The outputs of the detectors created in lab are inputs to the fire detection software.
System Operation
Main Menu
1. Silence System/Zone - The system could be silenced so that any alarm in the system, or an alarm occurring in a specific zone would not trigger the system's public address devices (such as alarms, strobes, etc. in the building). Instead an alarm state would be reported to the console notifying the user that there was an alarm. This feature would be useful if there was a problem with a detection device or a number of detection devices in the system falsely reporting alarm conditions. It is also useful in the even that fire personnel were going to be standing by in the building for an event or other special purpose; they could be directly notified of the alarm condition and take assess if a building evacuation was warranted.
2. Setup System - This feature allows the user to configure the system. The setup system feature can be protected by a five number password set and changed by the user. The factory default password is 12345. The system name and zone names are customizable by the user. These should be set to meaningful names such (for example, for a zone "East wing, 3rd Floor"). Zones may also be enabled and disabled; although the system supports eight zones, any number less than eight may be used. The time can also be set from this menu. 24-hour time format is used by this system as it is the standard for emergency personnel.
3. Reset System - Resets the system's alarm state to no alarm. This is the only means of returning the system from an alarm to a normal state. In the event an actual fire is first reported as an alarm state, and then damage is done to the fire detection device and the zone goes from alarm to trouble, the system would remain in alarm.
4. Alarm System - This sends the system into an alarm state even if all zones are reporting a normal state. This is useful for fire drills or if a fire is reported to a dispatcher via telephone and an evacuation is warranted.
Results
Our results were very successful. We were able to build a working fire alarm system much like the ones in large buildings.
Safety was a big concern of ours. We used no more than 5 volts in our system at a safe current ensuring that electrocution was not a concern. Additionally, there were no mechanical or other devices which could provide harm to the user. The system was designed with several fail-safes so that a zone disconnection would be noted by the user. The user should therefore be aware if the system is rendered useless and a building is without adequate fire detection. Additionally, in the event of an alarm, the user interface beeps until the alarm is acknowledged. This feature could be very useful in a busy dispatch room where only a visual notification would go unnoticed.

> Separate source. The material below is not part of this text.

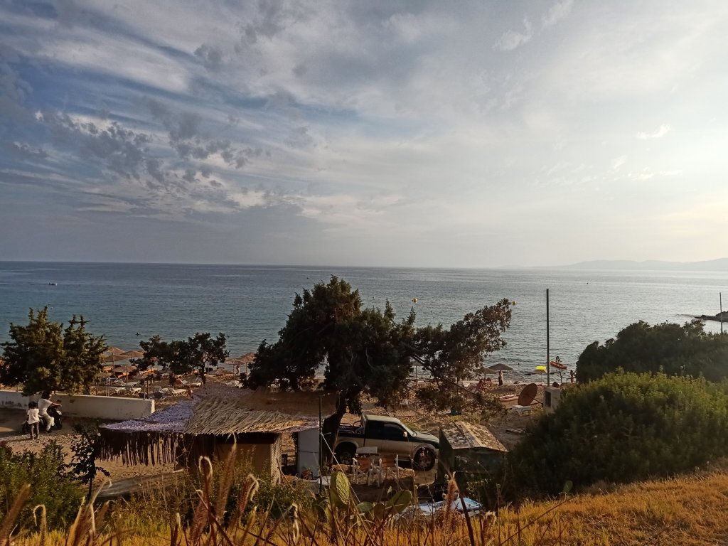 After shopping, we saw Mark and Maria, in Memories bar sat having a coffee so we went to join them. I ordered a juice but Captain Caveman ordered an Alpha beer! By 12.30pm we had been for a walk to find the house Captain Caveman had booked for us and my parents when they come to visit next month. It was very close to the village centre and looked like it would be a lovely Airbnb so I was pleased. Next, we went to Cuckoo’s Nest for coffee (I had water) with Louise and Mark. It was Steve’s birthday today so we took a photo to send to him. Captain Caveman had been trying to have pistachio ice-cream since being in Lardos but they never seemed to have any. Today they did, on his last day, so he had one and I had a lemon sorbet. Back home we had bread, hummus and Baba Ghanoush for lunch and we had plans to celebrate our last night together for a while, with a meal out. We didn’t have much money between us so we didn’t want to go mad. In Rhodes I can’t change lira and some places won’t accept my Turkish bank card.

Interference with other projects was not really an our fire alarm system. There are no wireless circuits and the circuit was at a low DC voltage, the interference with other projects is probably less than the interference caused by the fluorescent room lights.

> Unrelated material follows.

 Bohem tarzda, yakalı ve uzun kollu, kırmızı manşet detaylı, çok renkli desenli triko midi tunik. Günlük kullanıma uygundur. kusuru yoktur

Along the same idea of safety and interference, an actual alarm could have been implemented without very much difficulty (via standard buzzers/sirens available), however, we chose not to for the sanity of those around us. An audible alarm was a concern presented to us by several TAs.
Our clocking code was found to be very accurate. Theoretically, the accuracy of our design is dependant on the accuracy of the microcontroller interrupts. In testing, the time was found to be accurate when compared with a clock.
The system was designed with usability as a top priority. The VT100 specification allowed for accurate text placement. In addition, features such as flashing that the system was in alarm, along with beeping the console, provided for increased visibility to the user during alarm states. The user interface uses numbers and the system is customizable by the user so that zone and system names are easily read and understood by the user.
One thing that was tried in the development stage was to use a 24VDC detector system using detectors obtained by Cornell's Environmental Safety (please see acknowledgements). Unfortunately, due to a lack of documentation, this was abandoned and the detector circuits were built from scratch using concepts similar to the commercially produced smoke detectors.
Conclusions
Our results did meet our expectations, with the exception of the 24VDC detectors. We had spent a large amount of time trying to get the system working and eventually had to abandon the 24VDC system and build our own system. In retrospect, we probably should not have wasted so much time on the 24VDC system and went sooner to the homemade system.
The coding was done completely without the use of outside code; all code was written by our group members. The analog circuit was also designed by group members without outside assistance. The 24VDC system was being reverse engineered with the help of EH&S personnel.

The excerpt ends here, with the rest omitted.